When I got to her she was lying completely still and seemed quite resigned to the situation and not, apparently, in any pain.

The group of men and boys, under Xenophon's guidance, were trying to pass a rope under Gaithuri's body. This they eventually managed to do in such a way that they would be able to lift her rear legs.

With five or six men on each end of the rope we heaved upwards and managed to raise her a few inches. My own thoughts were all on that unfortunate embryo inside her. Could it possibly survive all this ill-treatment?

It was also clear that if we were going to get Gaithuri out she would have to contribute a good deal of effort herself. But Gaithuri was not contributing anything. It almost seemed as if she found it a nice, comfortable place to lie in.

So I went round to her head, grabbed the halter rope, and shouted things at her which she hadn't heard since I hauled her, cursing, through the thunderstorm in the mountains just one year before. It must have made a deep impression at the time for she straight away gave a heave and managed to get her knees on the edge. Then with a great cry of “
Ola mazi
!” (all together) plus a few more choice expressions from me to Gaithuri, there was a concerted effort by man and beast and suddenly she was out on firm ground.

It was not the end of her ordeal. Three-quarters of her body was a dirty white and, knowing how useful lime has been to murderers in disposing of the evidence, I was fearful of the after-effects on my poor old donkey.

By great good fortune, the builders had laid on a connection to the main water supply and while the helpers dispersed, Xenophon sprayed every inch of her, every nook and cranny, with a strong jet of water while I stood at her head and gave what comfort I could.

She was shivering with cold by the time he had finished but munched contentedly enough at some grass when we tied her up. Later when I brought back some fruit and vegetables for her as a special treat she gave me a glad bray of anticipation which dispelled my gloomy thoughts.

It was two weeks before I saw or heard of Gaithuri again.

I had taken a long-awaited fishing trip to an outlying island intending to be back in twenty-four hours. But the weather turned bad and it was four days before we were able to leave the shelter of the island's solitary little port.

My first question to Xenophon when we got back to Matala was: “How is Gaithuri and the little one?”

He dropped his eyes before answering and did not look at me when he said: “Gaithuri is dead!”

It had been sudden and unexpected. He had given her a meal of grain and a bucket of water as usual in the evening. The next morning she was dead.

That evening I talked sadly with the villagers about Gaithuri. Among them was the farmer from whom I had originally bought her and who had told me she was ten years old.

“Now you can tell me the truth about her age,” I said to him.

“She was twenty,” he admitted gravely. “As old as my eldest son.”

That, I thought, made her close to a centenarian in human terms. I was strangely happy at the thought that the two of us had spent perhaps the best year of our lives together.

Chapter 45
The Civilising Presence

The road was a little different to the one I had walked along so expectant and wondering that January day more than eight years before.

It was tarred for a start. In those other days it had been suitable only for donkeys and tractors and, after heavy rains, rowing boats.
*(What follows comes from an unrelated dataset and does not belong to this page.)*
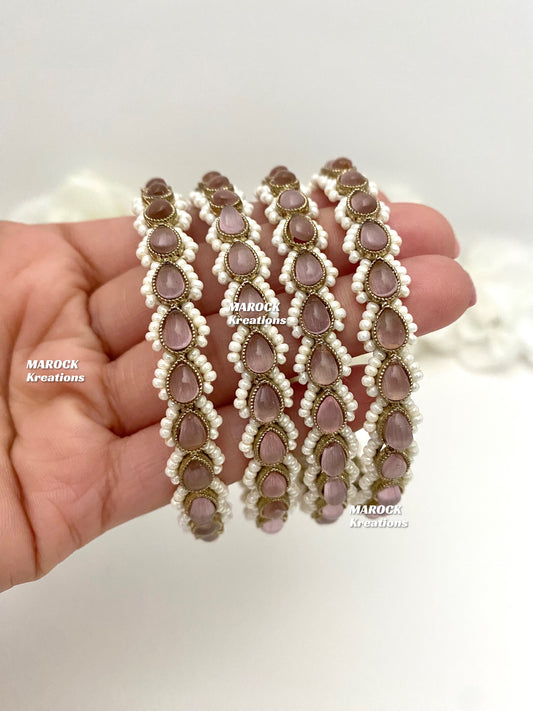 Purvi Premium Quality Pink Monalisa Bangles/Kade (set of 4)

I was back on this road of memory as a result of a message that had been carried to my winter lair in Crete by a visitor from Gythion in the Peloponnese that the old man did not expect to survive another winter and hoped that the summer would bring me to see him.
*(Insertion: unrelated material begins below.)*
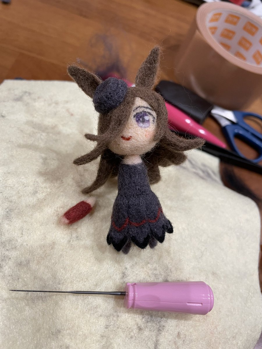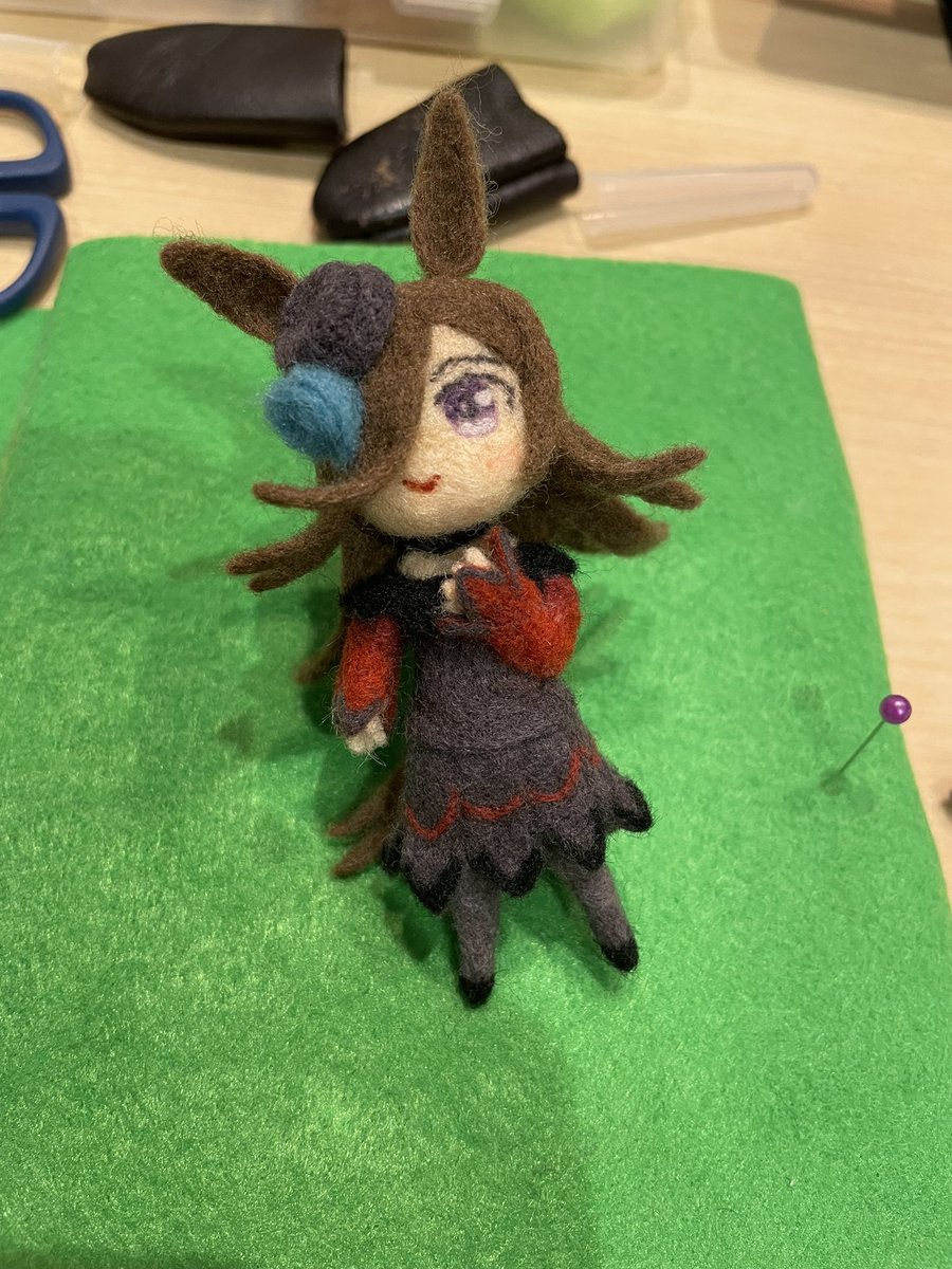 ほっぺにピンク刺したら、可愛らしくなった気がする! #羊毛フェルト #羊毛フィギュア #ウマ娘 #マンハッタンカフェ

It was something I could not refuse because the old man was Janni who had given me my first home in Greece – the hillside hut on the edge of the Mani peninsula, in which I had spent the first two years of my exile.

And although I suspected – rightly as it turned out – that reports of Janni's ill-health were exaggerated, I also had a nostalgia to see again the place where I had lived.
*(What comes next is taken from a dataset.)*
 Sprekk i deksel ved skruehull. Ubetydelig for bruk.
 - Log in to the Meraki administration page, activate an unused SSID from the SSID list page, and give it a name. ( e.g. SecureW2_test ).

I called it the upstairs house because he had also provided me with the ruins of a mansion on the beach which was marvellous when it wasn't raining.

I knew everybody along that mile and a half of road from the bus stop and knew, as I left the main road behind me, that I would have to run a gauntlet of hospitality that could well defeat my main objective of revisiting two of the most rewarding years of my life.

Of course, all these people (there were only five families along the road) were very much a part of that, but I had made the hut a home and turned the wilderness about it into a garden.

My first neighbour was no problem. His house was 200 yards back from the road and obscured by the sprouting fields.

Another couple of hundred yards along and I was going past George's house on tiptoe, my eyes averted but my ears alert for the loud, blasphemous greeting that would mean an hour of foot-trodden wine and some incredibly indiscreet questioning by George and his wife, Athena – which I used to mispronounce anathema.

The next farm belonged to Dimitrios and Voula. There were three reasons why I should call on them.

The first was that they were certain to invite me to lunch later; the second was that I needed the magic of Voula's
ventosa
(the ancient method of cupping to draw out the evil of lung congestion); the third was that I wanted to see the fulfilment of my prediction that their ten-year-old daughter would grow into a beautiful woman.

They were just finishing a late breakfast when I arrived. I had long since ceased to be surprised at wine on the breakfast table in Greece but I was allowed to proceed after two fried eggs, two glasses of
retsina
and the
ventosa
on promising to return for lunch.

The prediction about the daughter, I might add, had been adequately justified.

I had envisaged insuperable difficulty in getting past the
magazie
just down the road. This
magazie
was a combination bakery, grocery and
taverna
and acted as the social centre for the whole district. It was there I had been arrested one midnight for playing poker – still
illegal in Greece.

Either proprietor Stavros or wife Maria or daughter Eugenia or son Nikkos would be sure to see and stop me and that would begin a session of wine or
ouzo
.

If they were all inside with shutters closed I knew that at least three dogs would rush out in horrible uproar and try to bite my ankles. They always used to.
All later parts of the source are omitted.